To solve this, Google released Vertex Agent Builder (nee Vertex Search & Conversation) to take the guesswork out of embeddings and RAG. Agent Builder also streamlined the process of providing enterprise-specific data to the agent and deploying it for use. In many cases, this was done without any code!

With Vertex Agent Builder, the heavy lifting in building a RAG-based generative application is offloaded to Google. However, there is still work to get a solution that perfectly addresses a given enterprise use case. When it comes to unstructured data such as PDFs or a collection of text files, Agent Builder will provide generative responses and even allow follow-up questions out of the box. Agent Builder even provides the JavaScript code for the application so that it can easily be dropped into your favorite web page. However, a bit more work is required when customers want the ability to interact with their structured data, such as data from a CRM, ERP, SIEM, or other enterprise platform.

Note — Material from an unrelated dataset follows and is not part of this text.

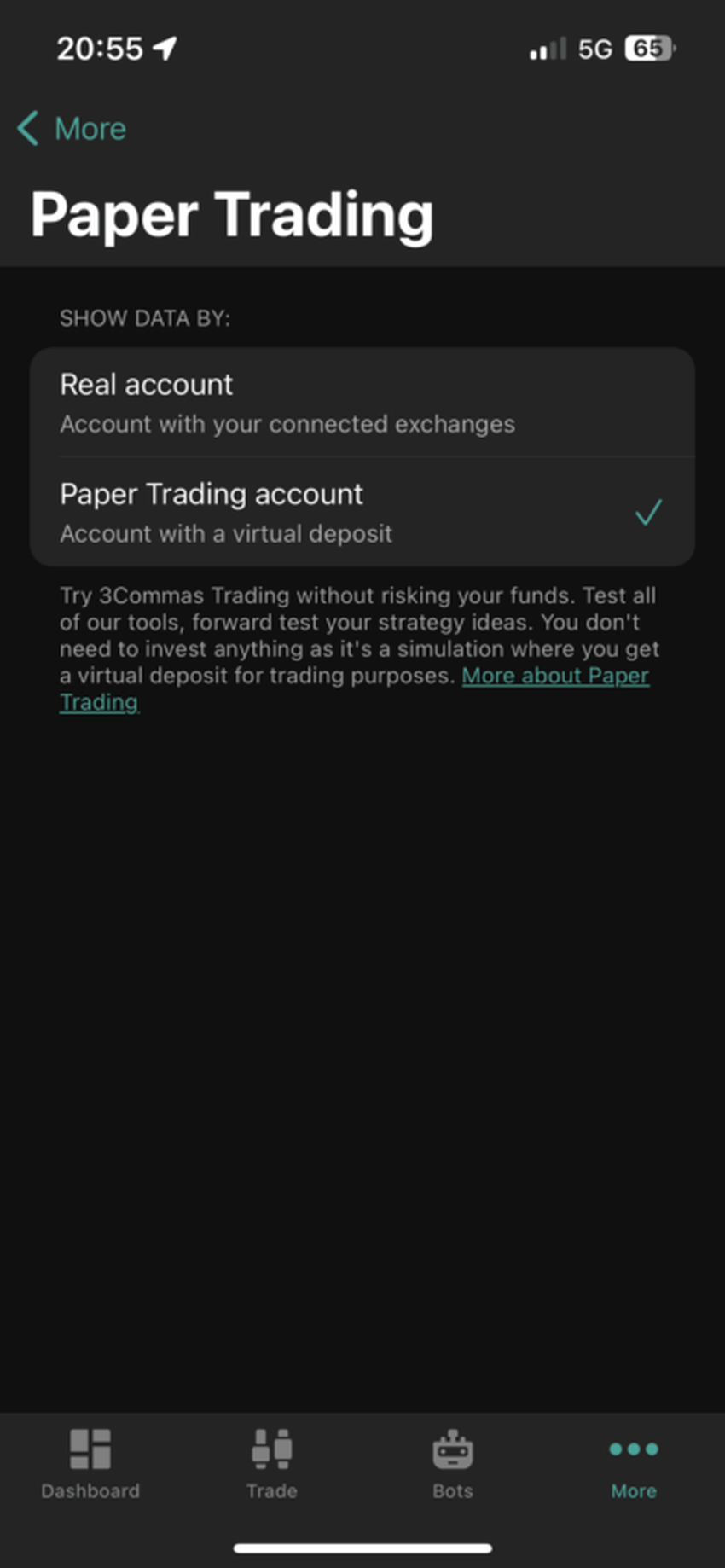 말로는 다 그럴싸해 보이는 게 트레이딩 세계의 특징이기도 하지요. 3Commas에서 제공하는 트레이딩 봇이 정말 유효한 수익을 만들어내는지는 직접 사용해보기 전까지는 모를 일입니다. 이런 우려 때문에 나온 기능이 ‘페이퍼 트레이딩(Paper Trading)’입니다.

The introduction of structured data creates more complexity for a good reason; with the dozens or hundreds of fields in enterprise data platforms, it can be difficult to determine what specific data should be referenced to address a user’s query. Historically, this has been solved by doing some engineering work to provide examples of the types of queries expected from users, custom embedding of the underlying data, and a few other engineering techniques to give a more favorable output. While successful, these approaches mean that developers and users need to agree ahead of time on the specific types of questions that will be asked of this data. Furthermore, developers will need to do a fair amount of engineering work whenever the underlying data or the scope of the queries changes.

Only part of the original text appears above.